Tuesday, July 10, 2007

#555 Tiptoe Through the Minefield

The Freedom of Information act is a cool thing.
I always get a kick out of reading about just-released documents that detail the really wacky things our government does.
Take the US Army.
Turns out at one point they seriously considered a “gay” bomb that would incapacitate enemy troops by getting them to have sex with one another. The plan was to drop a powerful aphrodisiac on the enemy, turn them all gay, and then attack while they were in the throes of carnal abandon.
Or possibly the military heads took their stereotyping theory further and predicted the enemy would be so busy, um, decorating they’d be unable to mount a counter attack. Cause, you know, that counter would look a lot nicer with granite and a handcrafted tile backsplash.
Gay groups reacted to this news angrily, insulted at the notion that being gay somehow means you can’t keep your mind on the job at hand.
Whether you are an army guy, a construction worker, a policeman, or even an Indian chief.
Which is to say, gay people use the YMCA to exercise just like everyone else.
It’s interesting that the US army would assume a powerful enough aphrodisiac would turn men on to other men.

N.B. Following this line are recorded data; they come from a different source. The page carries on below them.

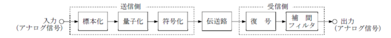 (1) 標本化とは、一定の時間間隔で入力のアナログ信号の振幅を取り出すことをいい、標本化周波数が入力のアナログ信号の最高周波数の( 2倍 )の周波数より高いとき、標本化して得たパルス列から元のアナログ信号を復元できる。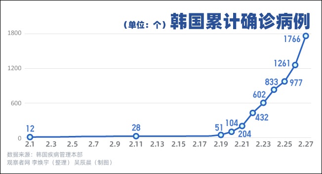 目前,韓國累計新冠肺炎確診病例已有1766例,作為疫情中心的大邱市更是累計確診1132例,佔韓國總病例的64%,但大邱顯然沒有能力獨立應對這等規模的疫情。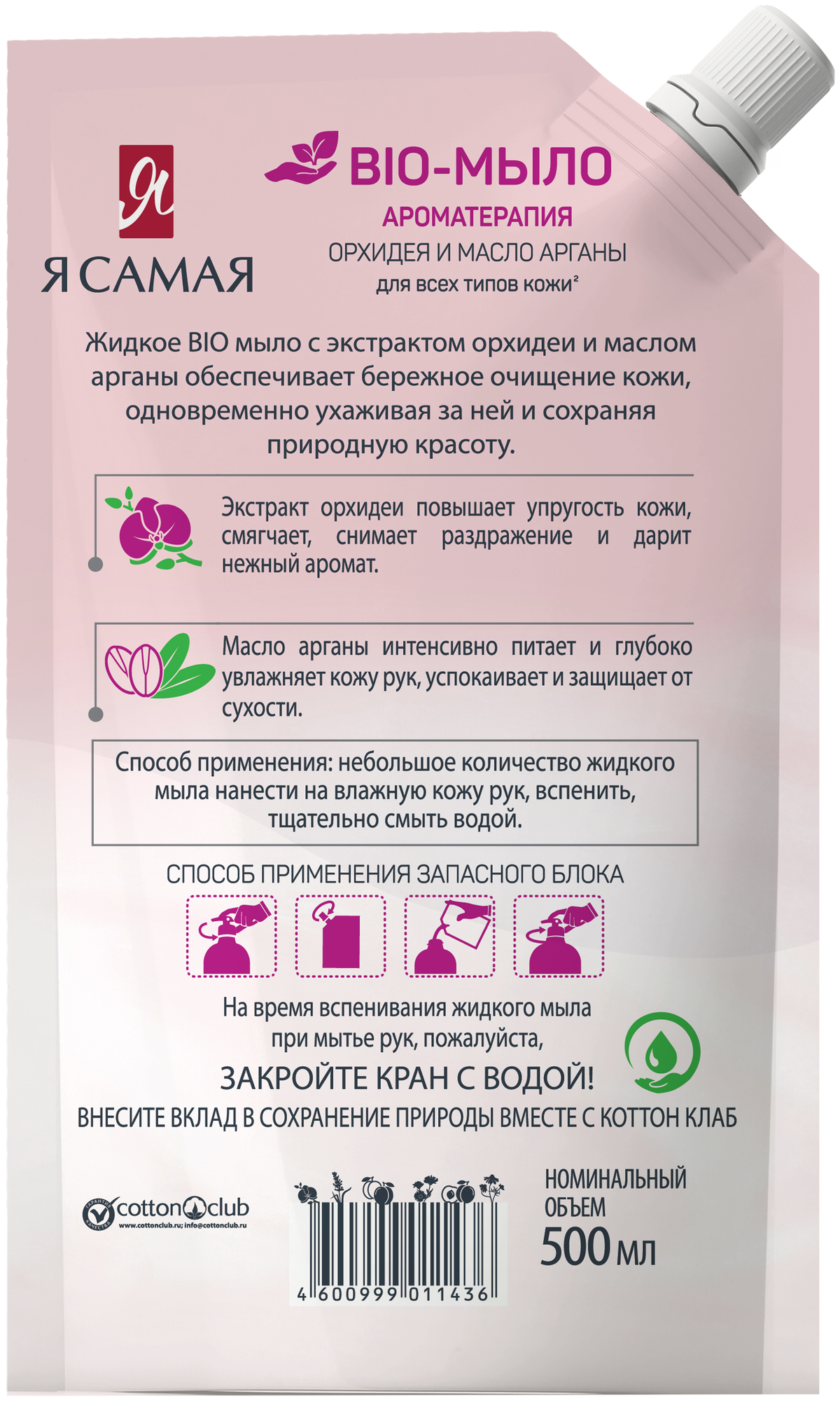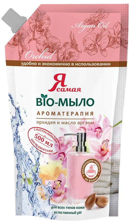 Жидкое BIO-мыло Я самая "Масло арганы и орхидея" обеспечит бережное очищение и уход за красотой и здоровьем кожи рук. Масло арганы интенсивно питает и увлажняет кожу, экстракт орхидеи повышает упругость кожи, смягчает ее и снимает раздражение. Нежный аромат будет дарить романтичное настроение каждый день.

My guess would be the bombed troops would be able to control it after, say, the first binge.
Then the unbombed troops would be facing angry, coyote-date enemies full of rage, disgust, and the will to get it all over with.
Not that they’d necessarily be disgusted with gayness. But waking up with ugly and bad-breathed Sparky in the communications tent may be just the thing to tip someone over the edge into suicide bonsai land.
If the military were smart, they’d develop a “domesticated male” bomb to use on the enemy. A chemical concoction that simulates the lassitude men get after years of marriage.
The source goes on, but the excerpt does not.